Gisèle Vienne, französische Choreografin, Regisseurin und auch Puppenmacherin mit österreichischen Wurzeln, lässt sich viel Zeit: Erst nach Minuten taucht die Silhouette eines Autos auf, die Lichtkegel der Scheinwerfer durchdringen den dichten Nebel. Drinnen – in der „Fahrgastzelle“ – sitzen zwei junge Menschen. Sie essen Chips, trinken Bier, lachen, reden, hören Radio.
Vor knapp zwei Jahren verstörte Gisèle Vienne bei den Wiener Festwochen mit „L’Étang“ nach Robert Walser. Nun präsentierte sie im Tanzquartier ihre neue, thematisch verwandte Produktion „Extra Life“, die, bei der Ruhrtriennale im Sommer 2023 uraufgeführt, zum diesjährigen Berliner Theatertreffen eingeladen wurde.
Die Nebel lichten sich nie. Aber irgendwann wird zumindest deutlich, dass Klara nach Langem den Kontakt zu ihrem Bruder Felix gesucht hat. Sie nahm ihn mit zu einer Party, nun dämmert der Morgen, es dürfte bereits 5:38 sein. Vögel beginnen zu singen, Möwen zu kreischen.
Gisèle Vienne hat zwar eine unwirtliche Mondlandschaft angedeutet (im Radio referiert jemand über Aliens), tatsächlich aber dürfte Klara das Auto am Strand geparkt haben. Die Zeit scheint stillzustehen. Denn es bleibt immerzu 5:38. Die Zahl könnte auch ein Hinweis auf das Evangelium nach Matthäus sein: Gisèle Vienne lässt vieles im gespenstisch Vagen.
Es lässt sich daher auch nicht mit Bestimmtheit sagen, ob die Geschwister offen darüber reden, einst vom Onkel oder Opa (die englische Übertitelung des französischen Textes hat definitiv Schwachstellen) missbraucht worden zu sein.
Bewegungen in Zeitlupe
Vielleicht dröhnen sie sich auch nur zu – mit Musik von Salem und Drogen? In Trance steigen die Geschwister aus dem Auto, sie bewegen sich extrem langsam – wie bei einer Expedition auf einem fernen Planeten.

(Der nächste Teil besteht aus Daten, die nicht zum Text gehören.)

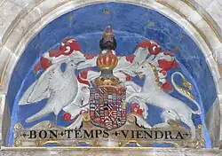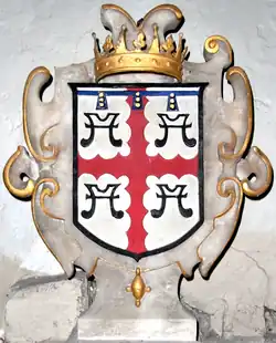 - ^ These 10 quarterings are also visible in stained glass in the cloister of Hengrave Hall, Suffolk: Bourchier, Louvaine, FitzWarin, Audley, Cogan, Hankford, Stapledon, Martin, Dinham, Arches, all impaling Donnington (Argent, three pallets azure on a chief gules three bezants), the third wife of the 2nd Earl.[1]

Hat nicht Felix (Theo Livesey), begeistert von Computergames (samt Extraleben), eine Mission? Doch dann gesellt sich eine dritte Figur hinzu, der Avatar (oder das Alter Ego) von Klara. Sie übernimmt, ähnlich angezogen, von Adèle Haenel, die in „L’Étang“ beeindruckte, den aktiven Part: Zur minimalistischen Elektronik-Symphonie von Caterina Barbieri (mit Verweisen auf die 70er-Jahre) bäumt sich Katia Petrowick auf, dann krümmt sie sich zu wummernden Tönen. Klara schluchzt, schreit.
Ihr Leben wie jenes des Bruders wurde zerstört, an der Rampe versinnbildlicht eine Puppe, so Gisèle Vienne, das innere Kind, das bei der Vergewaltigung gestorben ist. Zwischendurch schockt ein Horror-Moment, Yves Godin versinnbildlicht die Qualen mit einer Vielzahl von Laserstrahlen, die den Raum zerschneiden. Ein durchaus intensives Erlebnis. Mit einer Dauer von zwei Stunden aber um einiges zu lang.